Differences in the geographic origin of genes may affect the function of human mitochondria—energy-generating organelles inside of cells—according to a new study. Mitochondria have their own genome, separate from the nuclear genome contained in the nucleus of the cell, and both genomes harbor genes integral to energy production by mitochondria. The study explores whether these “mito-nuclear” interactions, which are fine-tuned by natural selection over deep evolutionary time, could be altered when genes of different geographic origins are brought together within a genome. The study, which appears online January 14, 2019, in the journal Nature Ecology and Evolution, could have implications for public health and for medical procedures that replace mitochondria in human cells.
“Genomes that evolve in different geographic locations without intermixing can end up being different from each other,” said Kateryna Makova, Pentz Professor of Biology at Penn State and an author of the paper. “Nowadays, there is so much mixing that pretty much everyone’s genome is made up of bits and pieces of DNA that evolved in different locations around the world, which can result in ancestry variation within the genome. For example, many of us carry pieces of the Neanderthal DNA alongside modern human DNA. This variation has a lot of advantages; for example, increased variation in immune genes can provide enhanced protection from diseases. However, variation in geographic origin within the genome could also potentially lead to communication issues between genes, for example between mitochondrial and nuclear genes that work together to regulate mitochondrial function. Understanding this process could have implications for human health.”
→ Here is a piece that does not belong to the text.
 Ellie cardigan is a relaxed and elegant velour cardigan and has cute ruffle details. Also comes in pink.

The researchers focused specifically on genes used by mitochondria. To perform their functions, mitochondria rely on genes encoded in the DNA of the mitochondria itself and on genes that are encoded within the nucleus of the cell. Because mitochondrial and nuclear DNA are inherited in different ways—nuclear DNA is roughly equally passed on from mother and father, but mitochondrial DNA is exclusively maternal—there are greater opportunities for differences in origin of mitochondria-related genes in the nuclear genome compared to genes in the mitochondrial DNA itself.
The researchers first investigated whether discordance—the degree of difference in geographic origin between the mitochondrial and nuclear genomes—can affect a trait. They found that increasing amounts of discordance were related to decreasing numbers of copies of mitochondrial DNA in a cell, which could imply reduced efficiency of mitochondrial DNA replication.
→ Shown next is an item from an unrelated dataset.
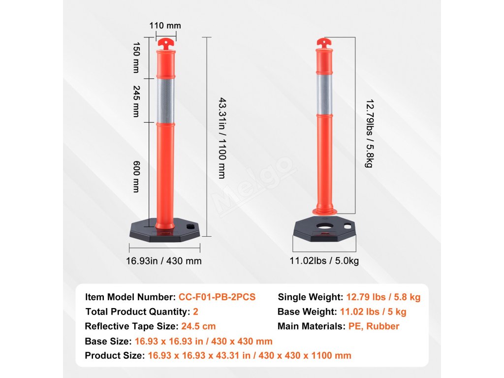 Naše vymezovací kužely mají prodlouženou osmihrannou pryžovou základnu o rozměrech 16,93 x 16,93 palce a hmotnosti 11,02 kg, která zajišťuje dostatečnou stabilitu odolávající vnějším silám a zvyšuje účinnost výstrahy.

“We observed this pattern across six groups of Americans with mixed ancestry. The specific origin didn’t matter, just how dissimilar the nuclear origin was from the mitochondrial origin,” said Arslan Zaidi, postdoctoral researcher in biology at Penn State and first author of the paper. “Although these differences in geographic origins are present in all humans, we specifically looked at populations with mixed ancestry because the effects of these differences should be easier to detect in such populations.”
The research team also found that, over time, natural selection might have reduced the overall difference in geographic origin between mitochondria-related nuclear genes and the mitochondrial genome. They found evidence for this in two of the six groups analyzed. Puerto Ricans, who have a high proportion of mitochondrial DNA of Native American origin, have more mitochondria-related nuclear genes of Native American origin than expected compared to genes from the rest of the nuclear genome that code for other functions. Similarly, African Americans, who have a high proportion of mitochondrial DNA of African origin, have more mitochondria-related nuclear genes of African origin than expected compared to the rest of the genome.
“In these groups, we hypothesize that natural selection is guiding the trajectory of mitochondria-related nuclear genes, favoring gene variants that are more similar in geographic origin to the mitochondrial DNA,” said Makova. “There is likely selection pressure acting on the rest of the nuclear genome in these groups, but there isn’t a systematic enrichment towards one ancestry type across all of those genes. In three of the other groups we examined, however, we did not observe this trend, and in one group we actually found the opposite trend. We don’t have a good explanation yet, and this really demonstrates the complexity of these kinds of interactions.”
The results of the study highlight the need to study interactions between mitochondrial and nuclear DNA in more detail. However, the researchers caution that the effects of discordance they observed were detected in cell lines derived from human tissues, so it is unclear to what extent these effects may be present in human tissues themselves. In the future, they plan to investigate this question and also to explore the effects of discordance on other aspects of mitochondrial function and on other complex traits such as the rate of heart disease.
“To be clear, our study does not suggest that having a particular combination of mitochondrial and nuclear genes would provide an advantage or a disadvantage,” said Makova. “But it does tell us that we should keep investigating these differences in geographic origin between these two groups of genes. This kind of information will be particularly useful in medical procedures such as mitochondrial replacement therapy, where patients with damaged mitochondria receive mitochondria from a donor. It’s possible that matching the origins of the mitochondrial donor with the patient could improve the effectiveness of these procedures, but future work is needed to know for sure.”
This study is funded in part by the Penn State Center of Human Evolution and Diversity, the National Institutes of Health, and the Pennsylvania Department of Health using Tobacco CURE funds. Additional support was provided by the Penn State Eberly College of Science, the Penn State Huck Institutes of the Life Sciences, and the Penn State Institute for Cyberscience.